[Raw data]
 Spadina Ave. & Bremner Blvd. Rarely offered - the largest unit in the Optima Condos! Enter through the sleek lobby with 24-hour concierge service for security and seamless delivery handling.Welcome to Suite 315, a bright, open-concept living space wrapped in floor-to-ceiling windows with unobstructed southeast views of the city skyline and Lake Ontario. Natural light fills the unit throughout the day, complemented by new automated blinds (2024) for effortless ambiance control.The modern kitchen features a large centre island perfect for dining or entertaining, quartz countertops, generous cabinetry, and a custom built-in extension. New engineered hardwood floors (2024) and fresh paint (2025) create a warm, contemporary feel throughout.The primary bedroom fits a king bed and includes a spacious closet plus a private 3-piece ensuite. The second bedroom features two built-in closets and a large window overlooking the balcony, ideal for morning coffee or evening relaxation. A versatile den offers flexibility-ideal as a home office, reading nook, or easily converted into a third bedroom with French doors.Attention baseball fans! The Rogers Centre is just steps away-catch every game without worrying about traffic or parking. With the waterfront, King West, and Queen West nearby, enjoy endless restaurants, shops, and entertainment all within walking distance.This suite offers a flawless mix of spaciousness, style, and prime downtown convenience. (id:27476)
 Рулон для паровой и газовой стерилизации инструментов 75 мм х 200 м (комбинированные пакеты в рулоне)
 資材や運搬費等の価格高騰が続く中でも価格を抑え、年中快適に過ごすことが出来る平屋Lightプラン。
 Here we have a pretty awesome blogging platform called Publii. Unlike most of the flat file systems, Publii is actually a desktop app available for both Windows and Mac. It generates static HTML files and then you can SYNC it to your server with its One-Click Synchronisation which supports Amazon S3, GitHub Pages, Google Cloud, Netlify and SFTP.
[/Raw data]
[Raw data]
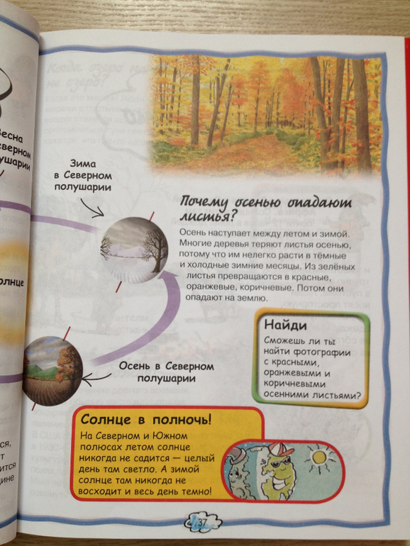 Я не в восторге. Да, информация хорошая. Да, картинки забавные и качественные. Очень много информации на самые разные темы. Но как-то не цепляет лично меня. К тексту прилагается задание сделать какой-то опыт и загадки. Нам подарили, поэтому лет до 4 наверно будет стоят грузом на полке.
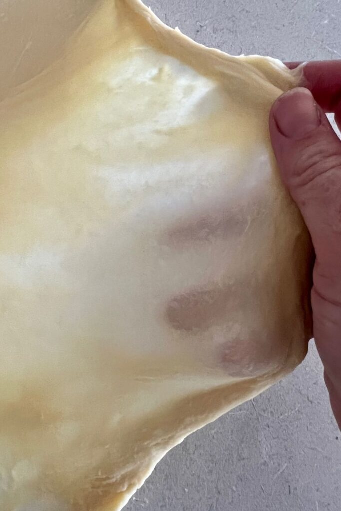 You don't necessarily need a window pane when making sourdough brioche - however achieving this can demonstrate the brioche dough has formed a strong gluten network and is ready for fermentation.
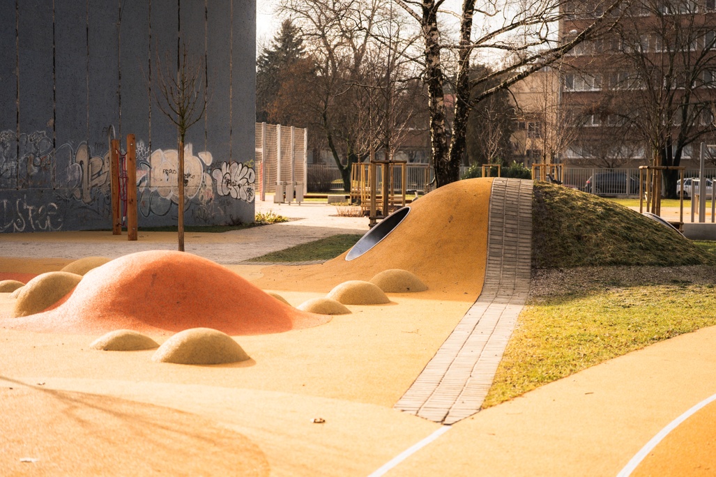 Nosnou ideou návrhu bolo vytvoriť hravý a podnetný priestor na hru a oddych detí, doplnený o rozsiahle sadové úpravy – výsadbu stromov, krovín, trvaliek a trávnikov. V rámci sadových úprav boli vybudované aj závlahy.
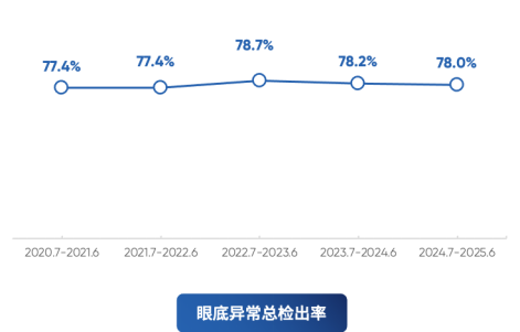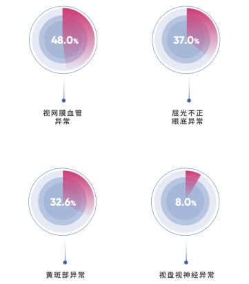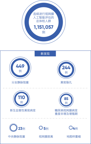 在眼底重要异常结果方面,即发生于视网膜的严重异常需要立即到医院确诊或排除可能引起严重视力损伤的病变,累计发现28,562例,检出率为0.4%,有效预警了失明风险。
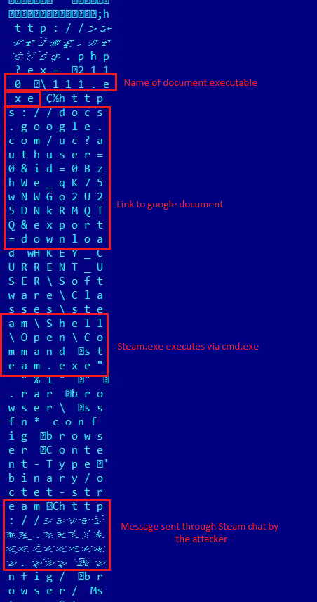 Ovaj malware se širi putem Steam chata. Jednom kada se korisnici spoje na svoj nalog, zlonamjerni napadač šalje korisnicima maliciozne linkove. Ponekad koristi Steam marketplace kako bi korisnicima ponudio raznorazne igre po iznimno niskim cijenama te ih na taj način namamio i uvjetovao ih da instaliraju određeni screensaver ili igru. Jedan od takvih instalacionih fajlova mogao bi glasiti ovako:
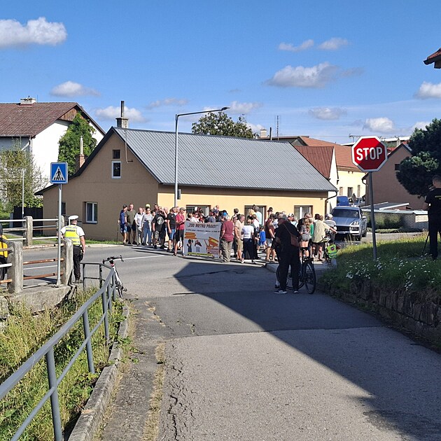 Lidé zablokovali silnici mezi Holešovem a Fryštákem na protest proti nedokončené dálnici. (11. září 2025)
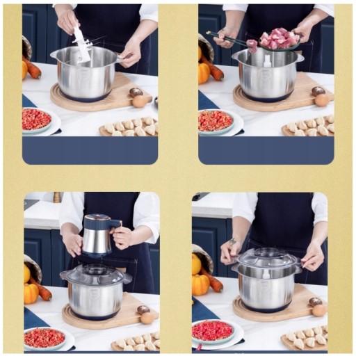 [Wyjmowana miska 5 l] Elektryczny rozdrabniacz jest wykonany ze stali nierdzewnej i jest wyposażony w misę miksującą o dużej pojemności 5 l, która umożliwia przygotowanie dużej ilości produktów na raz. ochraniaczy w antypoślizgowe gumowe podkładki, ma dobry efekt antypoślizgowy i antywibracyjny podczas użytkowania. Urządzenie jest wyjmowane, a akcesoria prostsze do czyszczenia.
[/Raw data]
→ Task goal: How would the lines above read from the one with "Lidé zablokovali silnici" to the one with "[Wyjmowana miska 5", inclusive, with no pictures? Write them out exactly.

→ Exercise answer:
 Lidé zablokovali silnici mezi Holešovem a Fryštákem na protest proti nedokončené dálnici. (11. září 2025)
 [Wyjmowana miska 5 l] Elektryczny rozdrabniacz jest wykonany ze stali nierdzewnej i jest wyposażony w misę miksującą o dużej pojemności 5 l, która umożliwia przygotowanie dużej ilości produktów na raz. ochraniaczy w antypoślizgowe gumowe podkładki, ma dobry efekt antypoślizgowy i antywibracyjny podczas użytkowania. Urządzenie jest wyjmowane, a akcesoria prostsze do czyszczenia.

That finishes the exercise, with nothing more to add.